Наступило уже 17-е. Приготовления шли со страшной спешкой и среди невероятного сумбура. Маленькая труппа репетировала пьесу в длинной галлерее эпохи Возрождения, под сенью плафона, в кессонах которого с удивительным разнообразием композиции повторялось изображение геральдического павлина Бернара де Пав, привязанного за лапу к лютне Николеты де Восель.

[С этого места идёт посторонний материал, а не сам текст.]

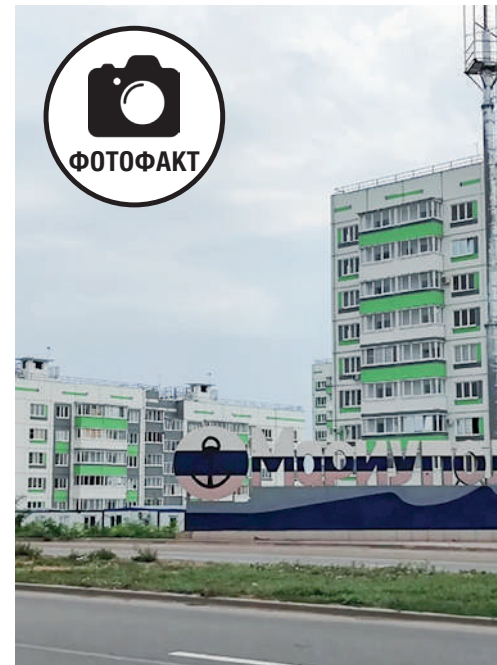
Новый микрорайон Мариуполя.
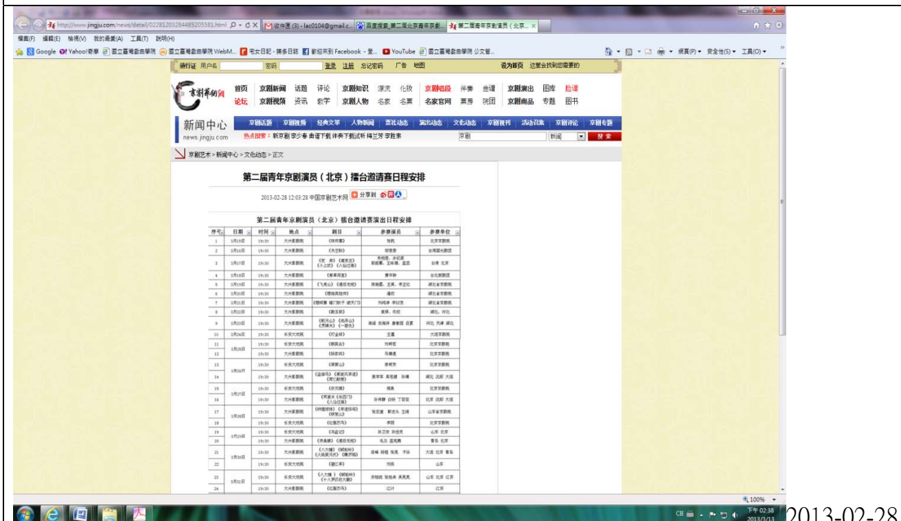
中國京劇藝術網<第二屆青年京劇演員擂台邀請賽日程安排>
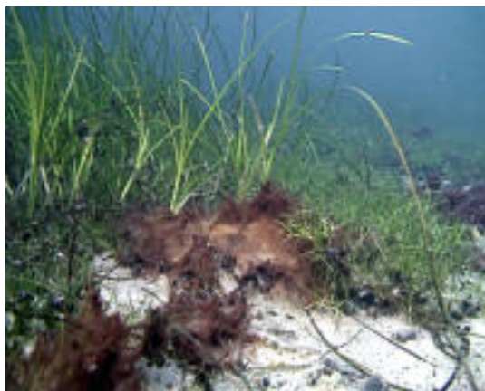
Hårnating - Ruppia maritima

Hårnating, Ruppia maritima syns till höger om ålgräset, är en blomväxt cirka 30 cm hög, som ofta bildar täta mattor i form av öar på mycket grunda sandbottnar. Det erbjuder skydd och föda åt ett rikt djurliv av grävande kräddjur, havsborstmaskar och musslor. Här har vi den största biomassan och produktionen av liv per kvadratmeter och år. större än i en tropisk regnskog!
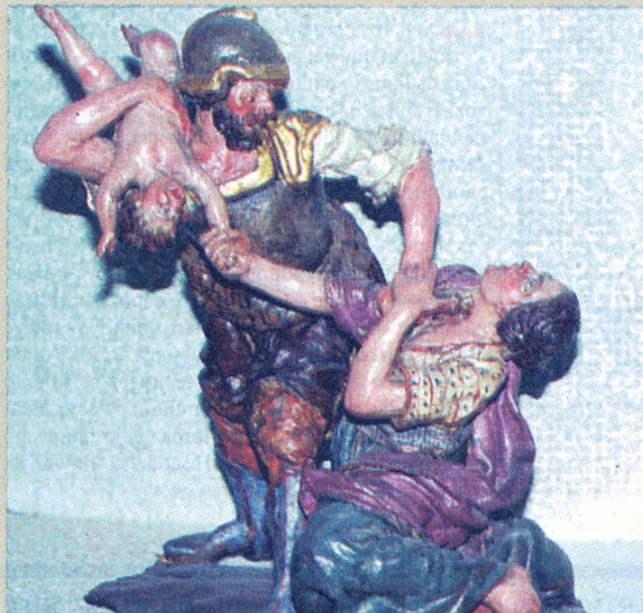
«La strage» custodita nel Museo Pepoli
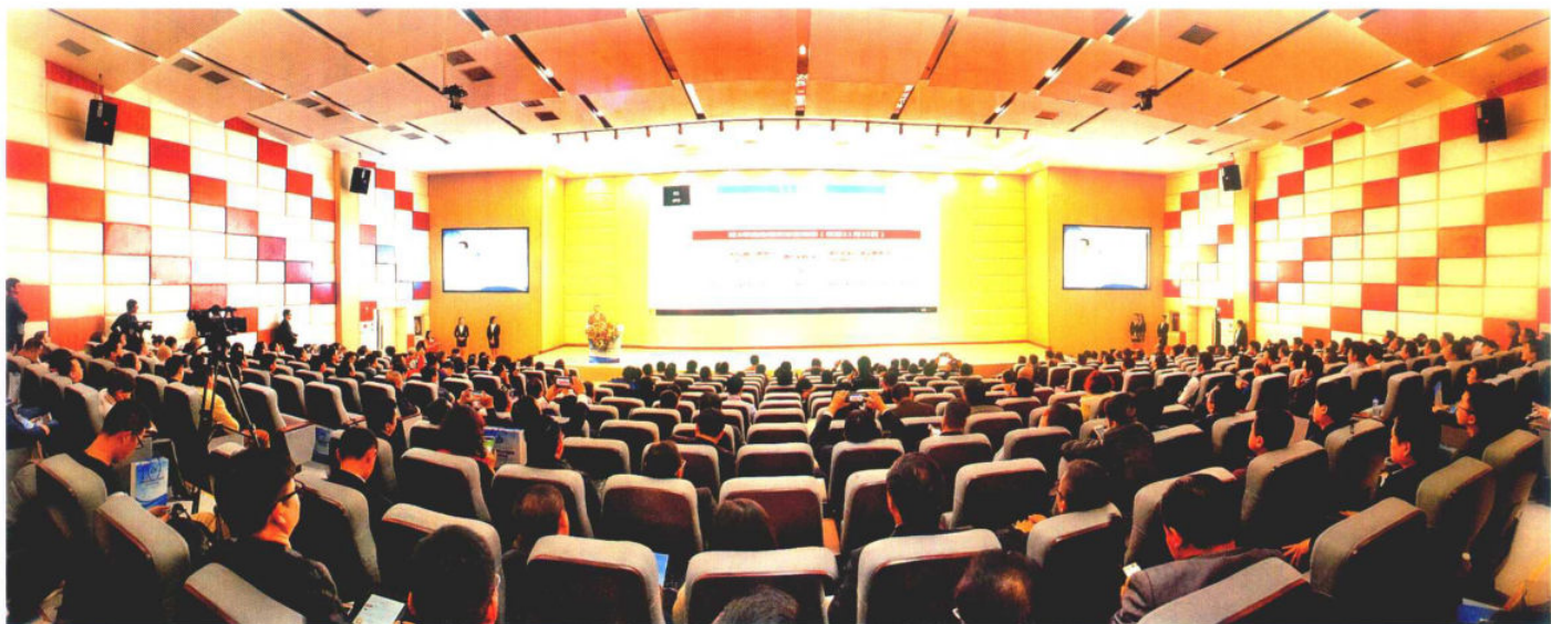
2016年12月12日，资本市场助推脱贫攻坚百鸟河大会在惠水县举行。图为大会现场
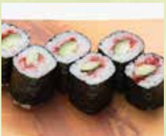
▶梅きゅう巻 350円 (税込385円)
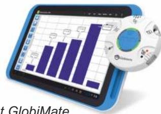
Tablet GlobiMate z dyskiem Mini
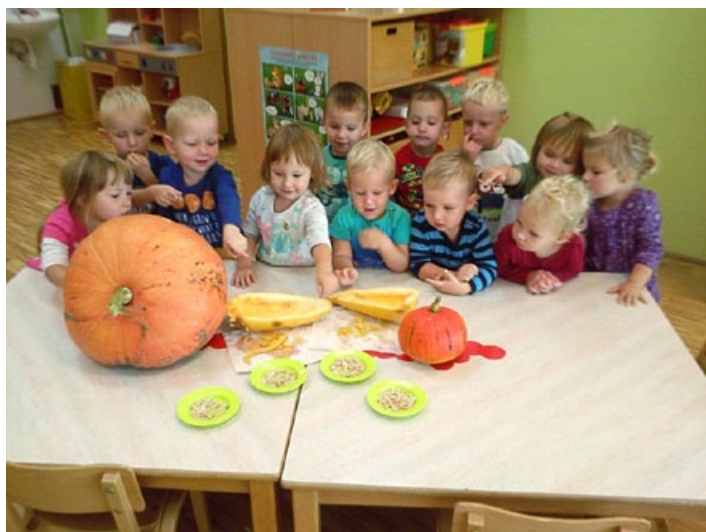
Pri Škratih se je na obisku oglasila buča velikanka.

podali na dolgo pričakovane počitnice, kmalu zatem pa se že srečali ulico višje, med šolskimi klopmi. Ponosni smo na prav vsakega posameznega otroka, skupino in vzgojitelja, ki je znal v preteklem šolskem letu pričarati življenje v vrtcu čarobno, zabavno, predvsem pa pustolovsko. Koliko smeha, radovednosti in včasih trme je prisotno v našem vsakdanu,
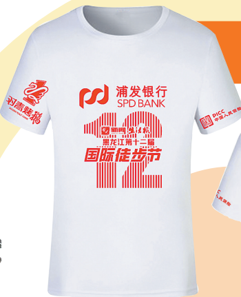
装备一:带有徒步节图标的T恤衫
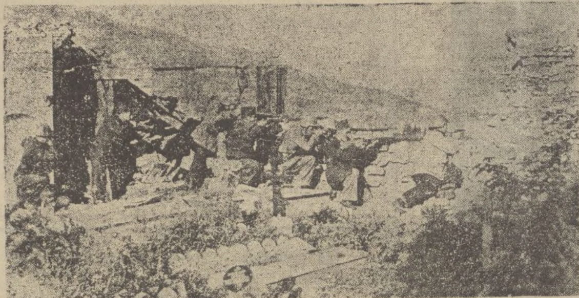
OVIEDO.—Nuestras bravas milicias rechazan un ataque de los marxistas en el Cementerio.
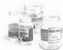
les bocaux de conserve
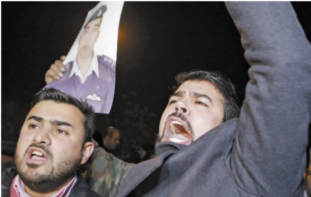
约旦民众要求政府以女囚换被俘飞行员。

约旦政府28日说,如果极端组织“伊斯兰国”释放约旦飞行员马阿兹·卡萨斯贝,政府愿意释放这一极端组织先前“点名”的恐怖囚犯。但没有提及遭“伊斯兰国”绑架的日本人质后藤健二。
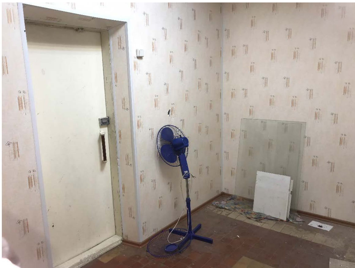
Фото 4. Интерьеры здания.
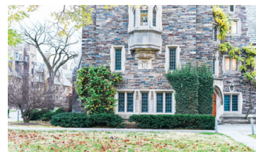
普林斯頓大學校園

而在最佳公立大學排行中，排名第一的是加州大學洛杉磯分校，第二名是同為加州大學體系的伯克利分校，第三則是密西根大學安娜堡分校。這三所學校在全國綜合大學的排名分別是第20、22和25名。
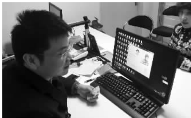
“刷脸”认身份

快报讯(通讯员 薛白 记者 丁晟)随着公证的普及,公证员在日常工作中也遇到了“冒脸顶替”的人。他们拿着真正当事人的身份证,来办理委托书公证或借款合同公证等。为了应对这种情况,雨花台公证处正式启用人脸识别身份认证系统。
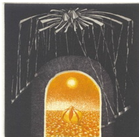
Il grande seme, 1998 acquaforte formato immagine 118x120 mm. formato foglio 215x215 mm. Tiratura: 100
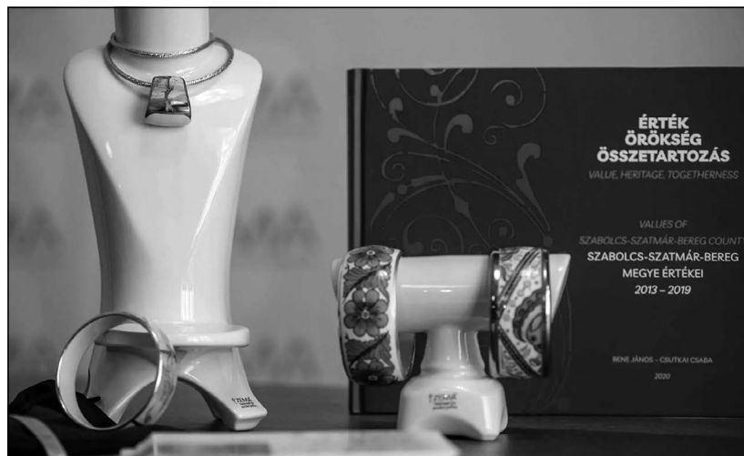
Érték – Örökség – Összetartozás
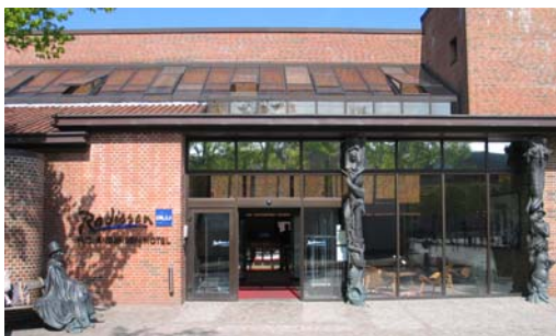
Brugermødet blev holdt på H.C. Andersen Hotel i Odense.

Onsdag den 19. maj holdt vi brugermøde på Nova 8 CRT til S--Calcium (frit); stofk (pH 7,4). 20 brugere fra klinisk biokemisk afdelinger rundt om i Danmark deltog i arrangementet.
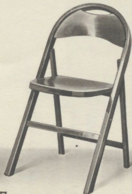
Chaise pliante vernie ou laquée. Siège 36×40.
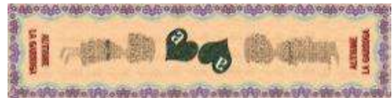
La catifa de Corpus

15.06.2017. Corpus. Com ja és habitual vam participar en la festa de Corpus, tan popular a la Garriga. La catifa d'aquest any ha tornat a ser més clàssica, celebrant els 40 anys de la xarxa de serveis. Professionals i familiars van participar en la seva elaboració i quan van acabar van esmorzar tots junts.
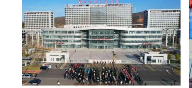
12月1日,集团公司承建的汝阳县人民医院新院区工程落成投用
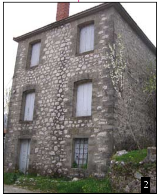
Χτύπημα θα δώσει

Το παλιό πέτρινο σπίτι στα Θεοδώρια ακολουθεί τους λαϊκούς αρχιτεκτονικούς κανόνες, που κυριαρχούν στην Ήπειρο. Λιτές και απλές γεωμετρικές γραμμές, εναρμονισμένες τόσο με το σκληρό και τραχύ περιβάλλον, αλλά και προσαρμοσμένο στις τότε βασικές ανάγκες, αλλά και στις οικονομικές και κοινωνικές συνθήκες. Χοντροί πέτρινοι τοίχοι, μιας και τα σπίτια πολλές φορές μετατρέπονταν και σε σπίτια-οχυρά. Μικρά παράθυρα με σιδεριές, χοντρές πόρτες από πελεκημένα ελατσία ξύλα. Τα υλικά από το άμεσο περιβάλλον. Τις γκρίζες πέτρες από τα ρέματα και τα χωράφια, τα αγκωνάρια από μαύρο λιθάρι από μαντέμια, τον άμμο από το ποτάμι και τον ασβέστη από ασβεσταριές κοντά στο χωριό. Το ξύλο για τις ξυλοδεσιές κέδρινα. Πολύ παλιά τα σπίτια ήταν ισόγεια. Κυρίως ένα δωμάτιο μεγάλο για όλες τις ανάγκες. Στις αρχές του προπερασμέ-

Господин Жермен аккомпанировал певцам на рояле, в то время как плотники звонкими ударами деревянных молотков приколачивали задники к киоскам в парке. Режиссировал Ларжийер из Комической оперы.
– Прошу вас, герцогиня.
Жермен снял все кольца, кроме одного – на большом пальце, и опустил руки на клавиатуру.
– Ла, ла…
Но герцогиня, принимая бокал из рук Эрнеста де Бонмона, сказала:
– Дайте допить коктейль.
Когда с этим было покончено, Ларжийер повторил:
– Начнем, герцогиня:
О миг победный!
Сбылся мой сон…
И руки г-на Жермена, без золота и камней, за исключением одного аметиста на большом пальце, снова прильнули к клавиатуре. Но герцогиня не запела. Она с интересом разглядывала аккомпаниатора:
– Мой дорогой Жермен, я любуюсь вами. Вы отрастили себе грудь и ляжки! Поздравляю! Вам это удалось, честное слово! А я! смотрите…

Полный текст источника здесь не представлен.